At the Last Supper, Jesus spoke of the offering of his suffering and death for the forgiveness of sins as establishing the new covenant (see also 1 Corinthians 11:25: ‘This cup is the new covenant in my blood’). He refers elsewhere to prophecies of his Lordship: ‘The Lord said to my Lord, “sit at my right hand until I put your enemies under your feet.”’ (Mark 12:36). In Luke’s Gospel, when the risen Jesus meets the two disciples on the way to Emmaus, he tells them, ‘“Was it not necessary that the Messiah should suffer these things and then enter into his glory?” Then beginning with Moses and all the prophets he interpreted to them the things about himself in all the scriptures.’ (Luke 24:26-7). Isaiah 52:13 – 53:12, one of the Suffering Servant hymns, was also believed to prophesy the atoning suffering of the Messiah: ‘But he was wounded for our transgressions, crushed for our iniquities; upon him was the punishment that made us whole, and by his bruises we are healed’ (53:5).
The faithfulness of God in fulfilling these prophecies is seen both as judgment on evil and as merciful love, bringing forgiveness. For Jesus, salvation and God’s mercy were the focus; his warnings of judgment were to enable people to repent and receive God’s mercy in the grace of forgiveness. Jesus suffered obediently the judgment of death for sin, which is common to all, but in his rising from the dead, God’s mercy comes in the Holy Spirit, with forgiveness for all who repent and believe in him and are baptised (see Acts 2:38).

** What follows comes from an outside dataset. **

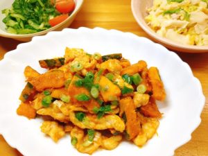 豚肉かぼちゃのスタミナだれ、

Paul says the Spirit given to us is the Spirit of adoption who enables us to cry ‘Abba! Father’; ‘we are joint heirs with Christ – if, in fact, we suffer with him so that we may be glorified with him’ (Romans 8:16,17). And, ‘If the Spirit of him who raised Jesus from the dead dwells in you, he who raised Christ from the dead will give life to your mortal bodies also through his Spirit that dwells in you’ (Romans 11:5). The newness of life in the Spirit is experienced in faith, which is the assurance of things hoped for (Hebrews 11:1). The Spirit comforts us and enables us to endure even to the point of death. The Spirit arouses in us a personal love of the God who enters our life as Saviour, and unites us in love with the brethren of Christ, especially the ones in need, enabling even the forgiveness of our enemy. The expected conduct to be aimed at by a Christian is found concentrated in the Sermon the Mount (Matthew 5-7) and in Paul – especially in Romans 12, where he describes this newness of life in practical terms; and, of course, in his famous analysis of the sacrificial love that imitates the love of Christ (1 Corinthians 13).
Faith in God’s faithfulness to each one of us, so that ‘all things work together for good for those who love God’ (Romans 8:28), can make us read the events of our own life also in terms of personal faithfulness, God’s and ours. Yet, it is He who takes the initiative and He who finishes the work in us and of His new creation – He is the Alpha and Omega (Revelation 1:8). Paul says that the word of faith he proclaims is on the Christian’s lips and in his heart, ‘because if you confess with your lips that Jesus is Lord and believe in your heart that God raised him from the dead, you will be saved’. (Romans 10:9). We have to keep asking ourselves whether we truly believe in, and so experience, the power of God’s mercy coming to us through Jesus Christ, our Lord and Saviour risen from the dead. Can we, for whom Jesus is not made visible, not doubt, but be blessed in believing?
Harry Elias SJ assists in the Hurtado Jesuit Centre in Wapping, East London.